## [Your objective]
Each line from the top of the listing down to and including the line with "Baltic coastline. Escarpment" must be duplicated exactly; pictures are to be skipped.

## [Data to use]
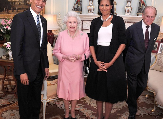 Видимо, привыкнув к лояльному дресс-коду Белого Дома, Мишель решила не заморачиваться по поводу этикета визита к британской королеве Елизавете II. Для приема она выбрала белый свитерок, на который сверху накинула черный кардиган — вполне уместный наряд для офиса, но никак не для такого случая!
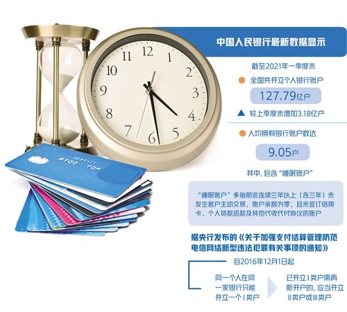 中國人民銀行最新數據顯示,截至2021年一季度末,全國共開立個人銀行賬戶127.79億戶,較上季度末增加3.18億戶,人均擁有銀行賬戶數達9.05戶。
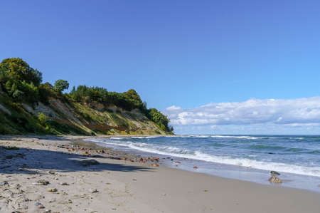 Baltic coastline. Escarpment slope lead to pebble beach. People walking along the shore hanseatic City of Luebeck - Travemuende, Germany
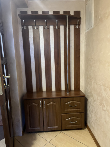 Sprzedam solidną, drewnianą szafkę przedpokojową z wieszakami i szufladami. Może służyć jako praktyczny mebel do przechowywania i organizacji przedpokoju. Prezentuje się estetycznie i pasuje do różnych stylów wnętrz.
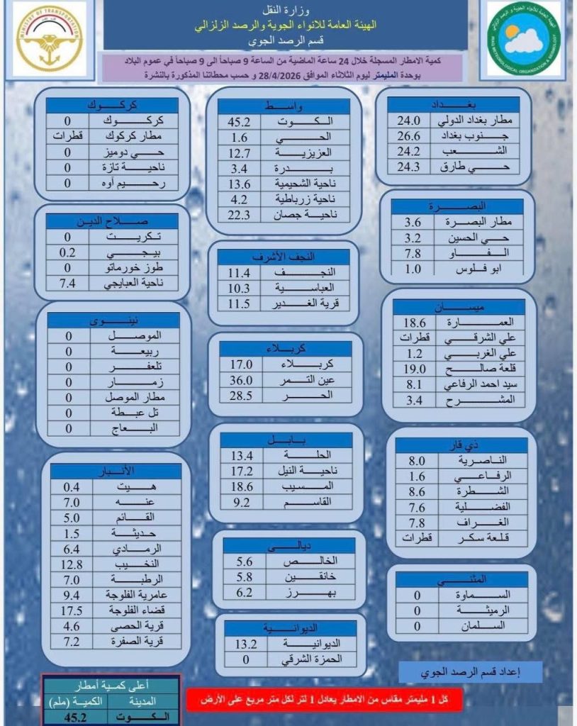 الرئيسية/الطقس/الكوت تسجل أعلى معدل لهطول الأمطار في العراق بواقع 45.2 ملم خلال الـ24 ساعة الماضية الطقسمحلي الكوت تسجل أعلى معدل لهطول الأمطار في العراق بواقع 45.2 ملم خلال الـ24 ساعة الماضية شاركها فيسبوك X لينكدإن Tumblr بينتيريست Reddit VKontakte Odnoklassniki Pocket مشاركة عبر البريد طباعة
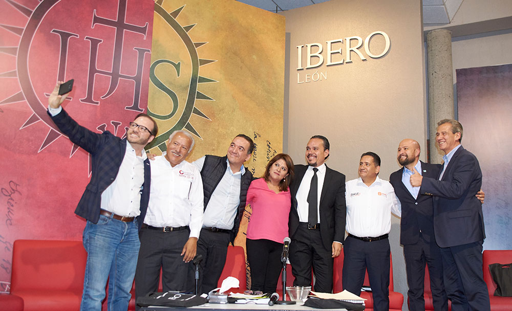 Los siete candidatos a la presidencia municipal de León presentaron ante la comunidad Ibero sus propuestas de gobierno en el marco del Foro Universitario, donde esta institución educativa entregó a cada uno el documento 15 propuestas para León.
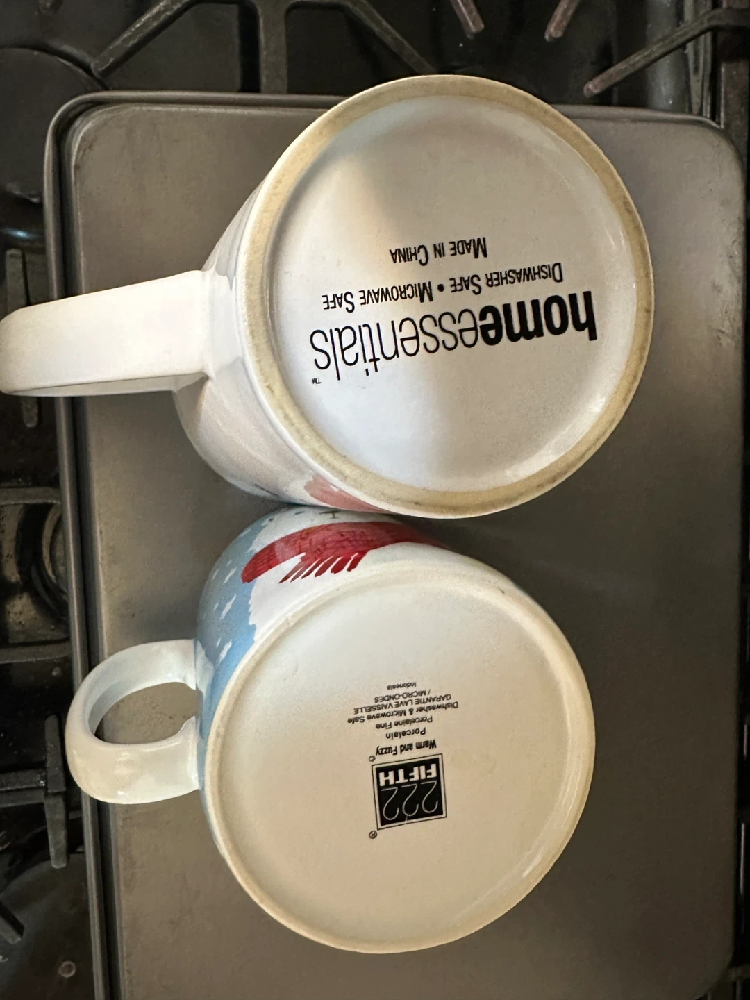 Two mugs for sale! One is from Home Essentials and the other is from 222 Fifth. Both are in good condition and ready for a new home!
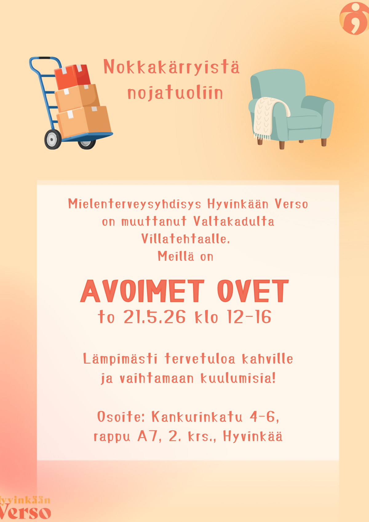 Verso kutsuu avoimiin oviin uusiin tiloihinsa. Yhdistys on muuttanut Villatehtaalle Onnensillan tiloihin. Avoimet ovet järjestetään torstaina 21.5.2026 klo 12–16. Tapahtumaan voi tulla liukuvasti itselle sopivaan aikaan. Tarjolla on kahvia ja mahdollisuus tutustua toimintaan. Samalla voi vaihtaa kuulumisia rennossa ilmapiirissä. Tilat sijaitsevat osoitteessa Kankurinkatu 4–6, rappu A7, 2. krs. Lämpimästi tervetuloa!
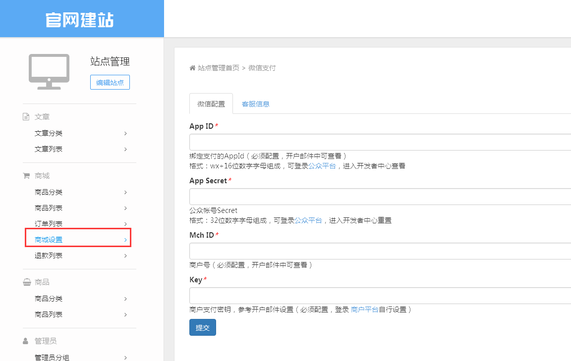 7、最后,将AppID、AppSecret、商户号、Key,AppID和AppSecret填入网站管理后台保存即可。
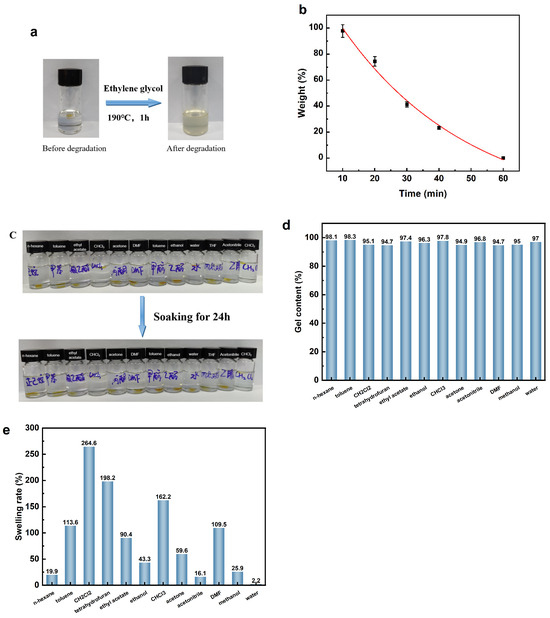 (a) Digital photograph of VPGE−CA1.0 degradation in ethylene glycol, (b) the curves of VPGE−CA1.0 degradation, (c) digital photograph of VPGE−CA1.0 soaked in different solvents, (d) gel content of VPGE−CA1.0 in different solvents, and (e) swelling rate of VPGE−CA1.0 in different solvents (see the bottle cap).
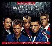 "Queen of My Heart" is a song by Irish boy band Westlife. It was released on 5 November 2001 as the first single from their third studio album, World of Our Own (2001). It was released as a double A-side single with "When You're Looking Like That" in the United Kingdom and Ireland.[2]

## [Solved problem]
 Видимо, привыкнув к лояльному дресс-коду Белого Дома, Мишель решила не заморачиваться по поводу этикета визита к британской королеве Елизавете II. Для приема она выбрала белый свитерок, на который сверху накинула черный кардиган — вполне уместный наряд для офиса, но никак не для такого случая!
 中國人民銀行最新數據顯示,截至2021年一季度末,全國共開立個人銀行賬戶127.79億戶,較上季度末增加3.18億戶,人均擁有銀行賬戶數達9.05戶。
 Baltic coastline. Escarpment slope lead to pebble beach. People walking along the shore hanseatic City of Luebeck - Travemuende, Germany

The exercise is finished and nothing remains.